To the extent that Mamdani’s speech had a theoretical focus, it was the resounding rejection of the neoliberalism that characterized the politics of both parties for most of the past half-century. For too long, he said, people had turned to the private sector to solve society’s problems, which the private sector was both ill-equipped and unwilling to do. He made clear that the conceit that “the era of big government is over,” as Bill Clinton once said, was itself over. Rather than tell his fellow New Yorkers to lower their expectations of what government could do, he vowed that “the only expectation I seek to reset is that of small expectations.”

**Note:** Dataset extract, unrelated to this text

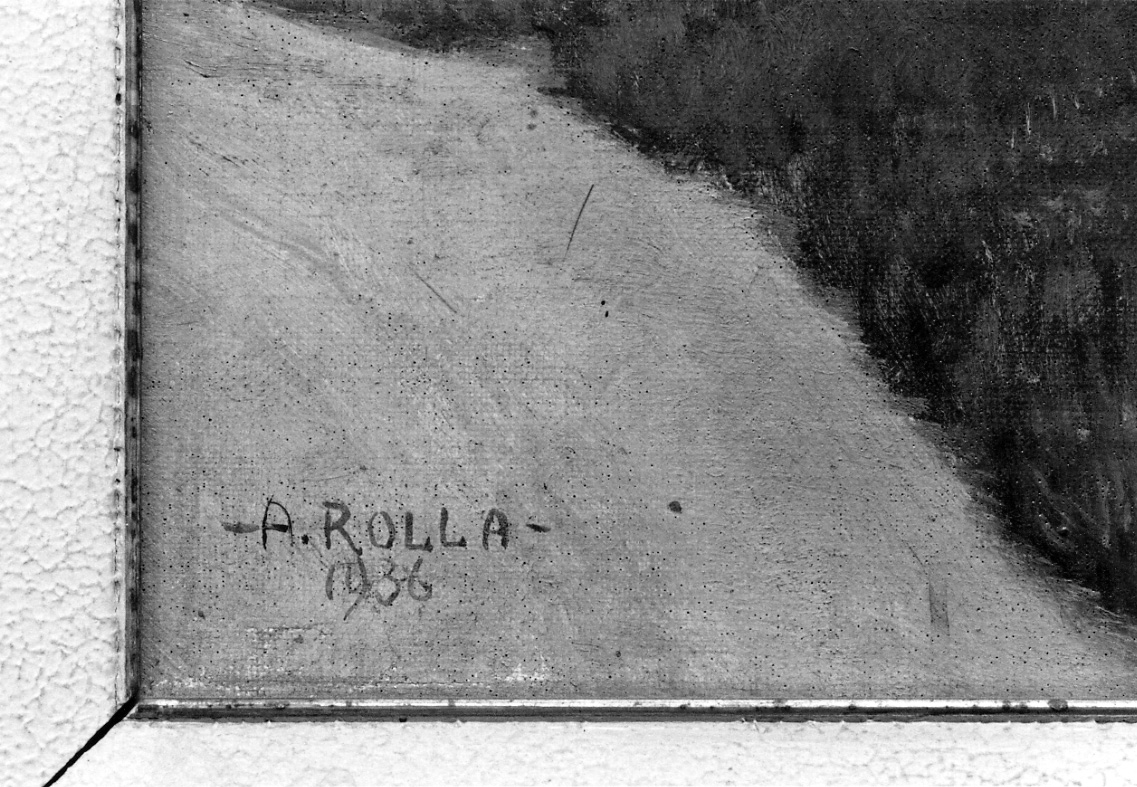 - NOTIZIE STORICO CRITICHE La tela venne acquistata, unitamente ad altre opere, dalla Provincia di Torino all'esposizione della Promotrice del 1942 per L. 1500, XIV Esposizione del Sindacato Interprovinciale Fascista Belle Arti in Torino, catalogo della mostra (Torino, Promotrice delle Belle Arti, maggio-giugno 1942), Torino, 1942, p. 24, n. 32. Nell'ambito della produzione di Adolfo Rolla (Buenos Aires, 1899-1967), allievo dell'Accademia Albertina e frequentemente presente nella prima metà del Novecento alle mostre torinesi, ma documentato anche a varie esposizioni italiane, il paesaggio costituisce un tema particolarmente caro all'artista e viene spesso trattato con estrema semplicità e disinvoltura. Per un breve profilo dell'autore, A. M. Comanducci, Dizionario illustrato dei pittori, disegnatori e incisori italiani moderni e contemporanei, vol. IV, Milano, 1962, p. 1618; E. Bellini, Pittori Piemontesi dell'Ottocento e del primo Novecento dalle Promotrici torinesi, Torino, 1998, pp. 357-358
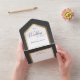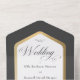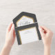 AVAILABLE WITH OR WITHOUT A QR CODE OR DINNER SELECTION OPTIONS. This design features a charcoal black background with a white text area framed in faux gold foil. A monogram with the bride and groom's first initial on the outside flap completes it. Created by Simply Farmhouse Press.

That sentence on expectations was worded in a way to echo the inaugural address of another New Yorker, Franklin Roosevelt, when he said, “The only thing we have to fear is fear itself.” And the socialism that Mamdani described sounded much like those New Deal policies that had the government undertake needed tasks at which the private sector had failed abjectly. Sanders has always cited FDR as the model for his social democratic policies and his attacks on those whom FDR called “malefactors of great wealth,” and Mamdani was effectively, if not overtly, claiming the same lineage in his address. (The only reference during the ceremonies to a socialist from abroad came from nonsocialist Jumaane Williams, the city’s public advocate, who mentioned in passing Maurice Bishop, the long-ago prime minister of the small Caribbean island nation of Grenada, from which Williams’s parents immigrated to New York.)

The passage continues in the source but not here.